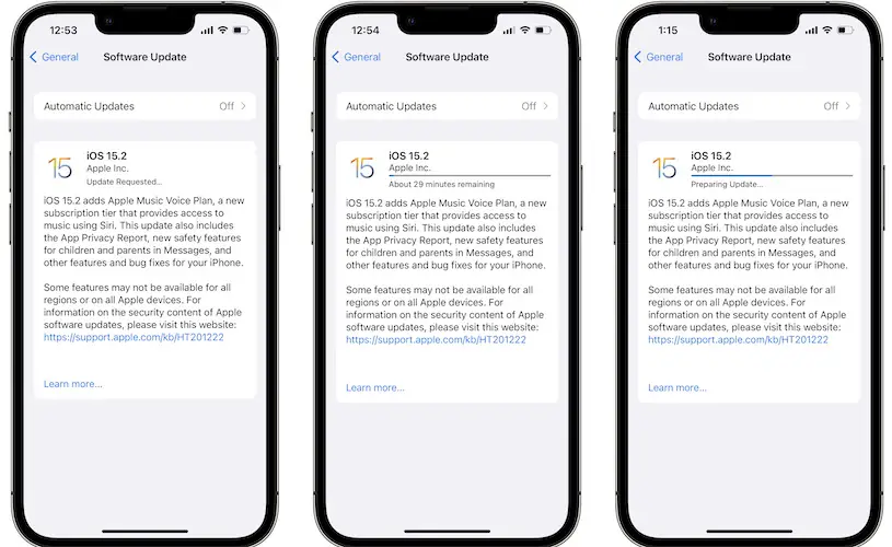 - 3. Be patient until iOS 15.2 is requested, downloaded, prepared, verified and installed on your iPhone.
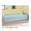 The hydromassage bed is rectangular shape and light blue color.There are a lot of function and equipment inclding multifunctional hand shower,water faucet,cold and hot adjusting switch,head cushion,name brand pump,adjustable nozzles and drainage .
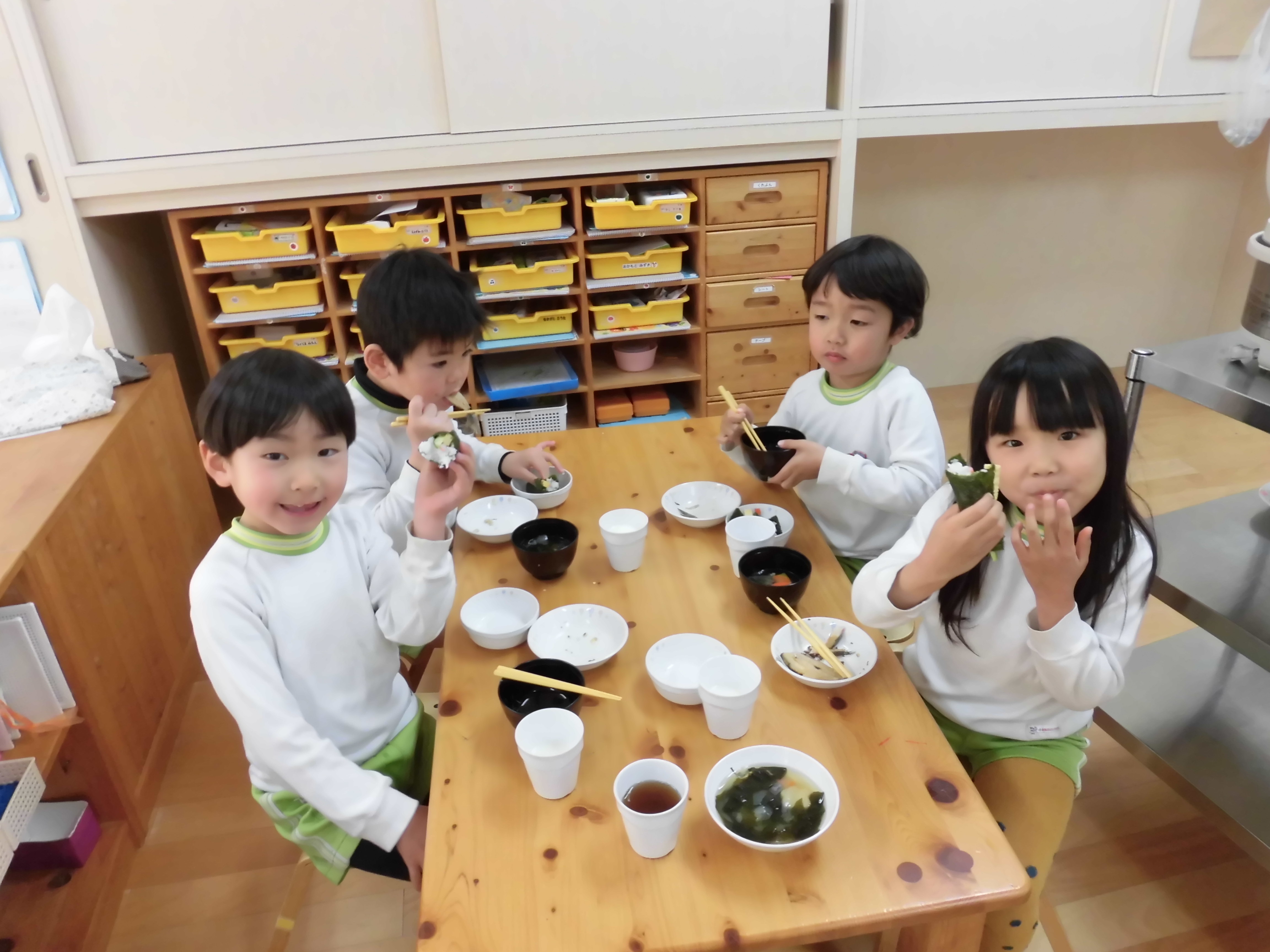 給食も恵方巻き!3~5歳児は自分たちでくるくる巻いて作りました。
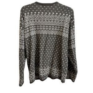 Gray and white fair isle sweater. Blue floral pattern across chest. Front pockets. 100% Acrylic. Missing one button, otherwise good preowned condition. Grannycore. Cottagecore.
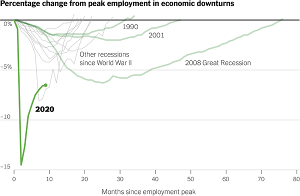 The jobless numbers have provided a jarring catalogue about the economic devastation wrought by the pandemic — spiking to records as the pandemic unfolded in March 2020, and remaining at historic high levels throughout most of 2020.

______________________________

• [Requirement]: Ignoring the pictures, write out word for word the lines from the line containing "給食も恵方巻き!3~5歳児は自分たちでくるくる巻いて作りました。" through the end of the material above.

• [Written reply]:
 給食も恵方巻き!3~5歳児は自分たちでくるくる巻いて作りました。
 Gray and white fair isle sweater. Blue floral pattern across chest. Front pockets. 100% Acrylic. Missing one button, otherwise good preowned condition. Grannycore. Cottagecore.
 The jobless numbers have provided a jarring catalogue about the economic devastation wrought by the pandemic — spiking to records as the pandemic unfolded in March 2020, and remaining at historic high levels throughout most of 2020.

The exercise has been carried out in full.